The siege of Sarajevo: the role of the UN and NATO

We had to wait for the market massacre carried out by Ratko Mladic's Serbian artillery on February 5, 1994, for the UN to decide to ask NATO to intervene. 

In April, NATO began an aerial bombing campaign around the capital. Then, after another massacre of civilians, they intensified: it was the campaign Operation Deliberate Force. And the Serbs were forced to surrender, the conflict was over. 

But the story of those who do not want to accept history was not finished. 

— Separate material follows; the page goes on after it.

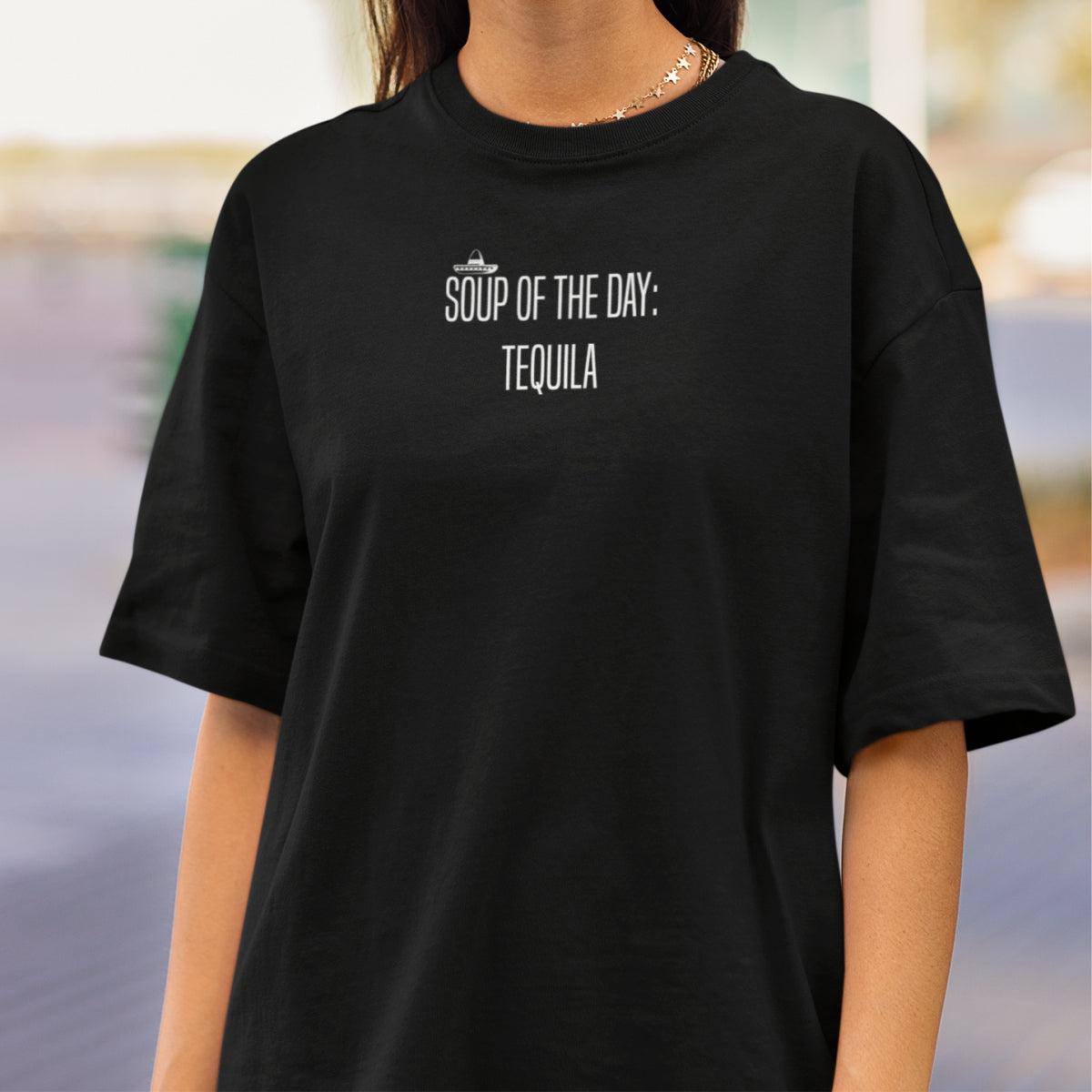 Juodi UNISEX OVERSIZED marškinėliai "Soup ot the day"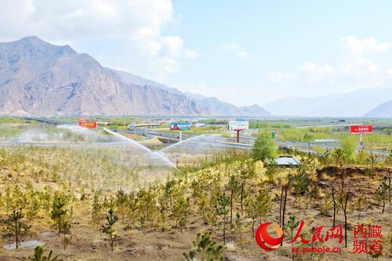 噴灌江孜沙棘。人民網(wǎng) 李海霞攝

There was another war later, in the former Yugoslavia, between February 1998 and June 1999, the one that unleashed Serbia for the control of Kosovo, a region declared autonomous from Belgrade inhabited mainly by Albanians. This war too was ended after a military intervention by NATO. And Putin often uses it as an example to demonstrate that he was right when he moved the army to help the Russian-speaking populations of the Ukrainian Donbass: why was NATO able to help the Albanians and he can't do it with the Russians?     

Thirty years later the shadows of war in Europe are still lengthening

Multicultural Bosnia was the object of desire of Croatia and Serbia. Everyone lived there: Serbs, Croats, Bosnian Muslims. They had done it more or less in peace for centuries, they could continue to do it. But, once the communist edifice had crumbled, if that model had proved successful, someone would have had to go home, leave the power. A horror just to imagine it for some types of rulers, whatever color their flag.   

Ukraine is also an object of desire for Russia: it is a ramshackle, corrupt, sketchy country. But it is a free country. Since it was born, at the end of the USSR, in 1991, Ukraine has seen all the colors, with presidents who have followed one another, sometimes improbable, more often than not fragile, but chosen by vote. It is a bad example for those who have governed for over 20 years and who plan to be elected forever in the next round. As it now seems clear, even to those who have been more generous towards Moscow and its history over the years, this is the reason why Kiev - according to Putin - must be crushed and must return to the former Soviet orbit. It has already been said and written: at this point in history, Putin has shown that it is not NATO that frightens him, but the values ​​of a world that the Western Alliance expresses. Sometimes without his knowledge.

If Kiev is saved, Sarajevo is also avenged.